Aug 19, 5 years ago

Toronto Scottish RFC lose a close friend – Alan Adam

Toronto Scottish RFC lose a close friend –  Alan Adam

Alan John Adam 1950 – 2013

Most of you will now know that, after having suffered a series of stokes last week, Alan Adam passed away onSunday, March 10, 2013 in Birmingham, England. Alan’s loving partner of 20 years Morag was steadfastly by his side through it all.

Alan was committed to the Toronto Scottish as much as he was to his other club, Moseley, in Birmingham. He regularly attended Scottish games at Fletcher’s Fields when he was in Toronto staying at their downtown waterside condominium that he and Morag often described as “This is Paradise”.

Alan first came to Toronto on a Moseley rugby tour in the late 1970s. He fell in love with Toronto and the Scottish and returned to live and work here shortly thereafter. This was the start of a long reciprocal connection with Moseley RFC.

Alan was influential in our bleak playing times in the early 1980s and became the coach with a focus on re-building the Toronto Scottish. He introduced many Moseley players to the club, including Steve Lloyd, Geoff Grist, Douggie Payne, Neal Lyman, Harley Williams, Chris Burgess, Adam Williamson, George Say and Moseley’s former captain, Peter Shillingford. They all stayed in Toronto, and sometimes with Alan, for varying lengths of time and contributed immensely to the re-building of the club.

Alan’s father, a Scot, was in the RAF and they were frequently posted overseas from England. His mother was from Birmingham which is where his roots were. Alan was sent to boarding school at Loughborough Grammar School where he participated in many sports, including rugby and rowing, the latter of which he introduced to the Toronto Scottish members when we were associated with the Argonaut Rowing Club. Alan was captain of the Birmingham Rowing Club and frequently attended the famous annual Henley-on-Thames Regatta.

Following school, Alan briefly attended a polytechnic where he met Dick Sojecki, another long-time member of the Scottish. Moseley, once one of the strongest clubs in England, with many capped international players, was in the wrong place with the introduction of professionalism in 1995. The club fell on hard times, losing its long-time ground (which it owned), known as the “Reddings”, to a major housing development. The club was on the point of folding and moving from Birmingham to Oxford when Alan and a number of former players stepped in and Moseley was re-born.
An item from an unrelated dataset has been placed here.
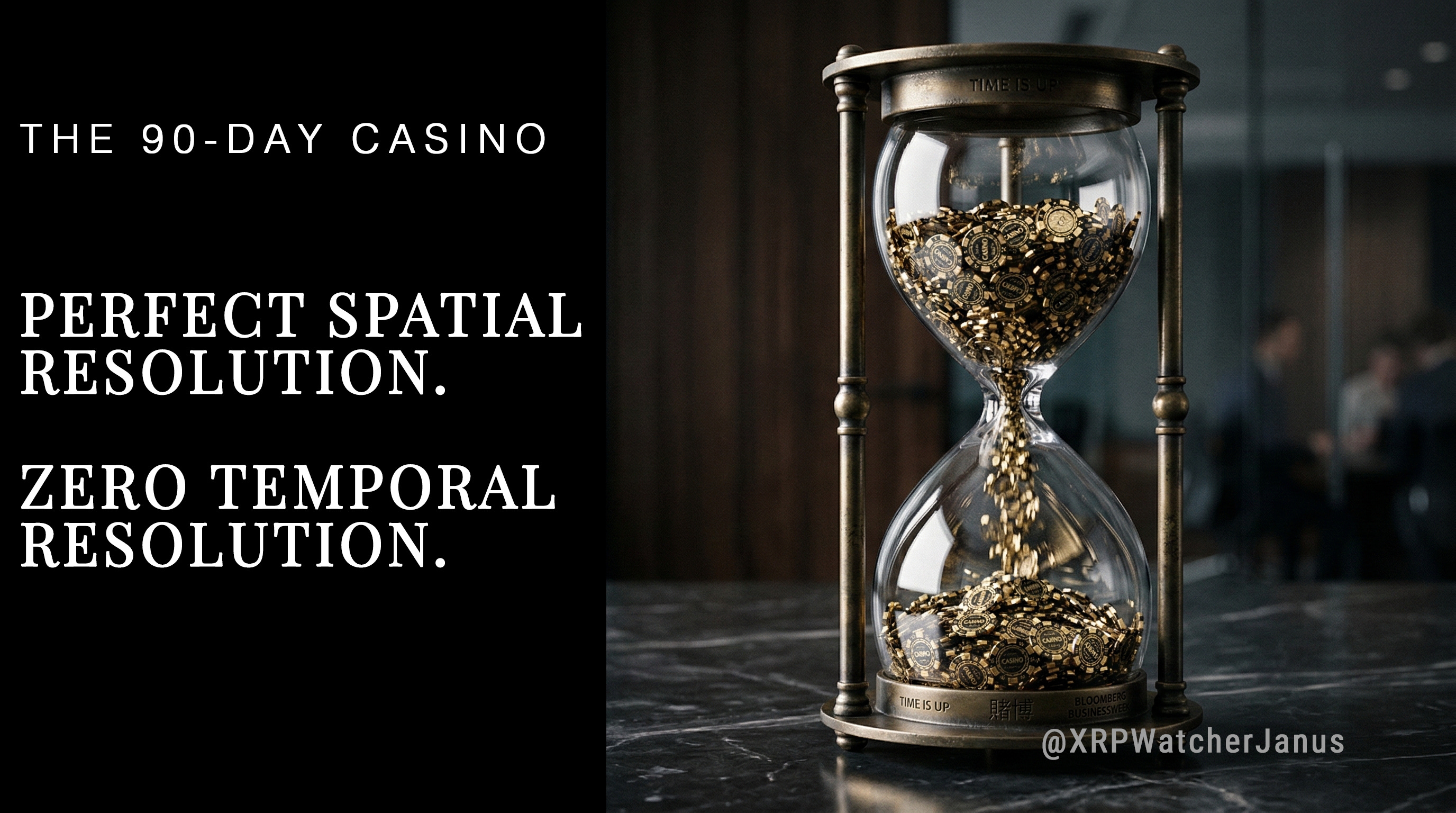 Those who control a game’s rules design it to reward compliance within the existing time structure. The ninety-day cycle is not a law of nature. It is a constraint imposed by the available instruments. Change the instruments — extend the maturities, build the curve — and you change the game. The patient do not need the casino to reform. They need it to stay exactly as it is, while they operate on a different clock.

After losing the Reddings, the club moved to Birmingham University and eventually to the ground, which it now leases from the Birmingham City Council, at Billisley Common. Alan could be seen frequently at the ground busying himself with various tasks and running the club. Alan was a director, shareholder and chairman of the board and represented the club at meetings with the RFU in a vocal and forceful way (he was never afraid to “push the envelope”.

There was not much that went on in the re-birth of Moseley that Alan did not have his hand in. As Alan said frequently “it has taken me over 10 years to re-build Moseley”. Many have said that without Alan’s input and expertise there would be no Moseley Rugby Club today. Alan trained as a chartered accountant specializing in insolvency work. It was on one of these insolvency projects, when Alan was appointed the administrator of the homebuilder John Lawrence (Glasgow), owner of the Rangers FC in Glasgow, where he met Morag.

Those of us who were at the Alumni Christmas lunch will remember the wonderfully witty speech Alan delivered. He spoke for over 20 minutes without notes and frequently cracked jokes that brought down the house. Geoff Grist assures me that the #2 in this photo, complete with torn shorts, is Alan in his prime as a hooker. The tall forward, gazing fondly at the opposition, is Nick Jeavons, the former England and British Lions player. Alan played rugby in good company as well as a great game on and off the field. We will all miss him very much. The other photo below is just another one of Alan’s many achievements, as an elf last Christmas. Alan was the true embodiment of what is a true “rugby man”. Smart, witty, gutsy, fearless, a good sport but, above all else, caring and interested in others.

Alan’s funeral service will be held on Thursday, March 21, 2013, 2 pm, at St. Bartholomew, Edgebaston Old Church, Birmingham, followed by a reception at Moseley at 3:30 pm. In accordance with his wishes, he will be interred in the family grave at St. Nicholas and St. Peter’s Church, Curdworth, North Warwickshire, a quintessential English village churchyard.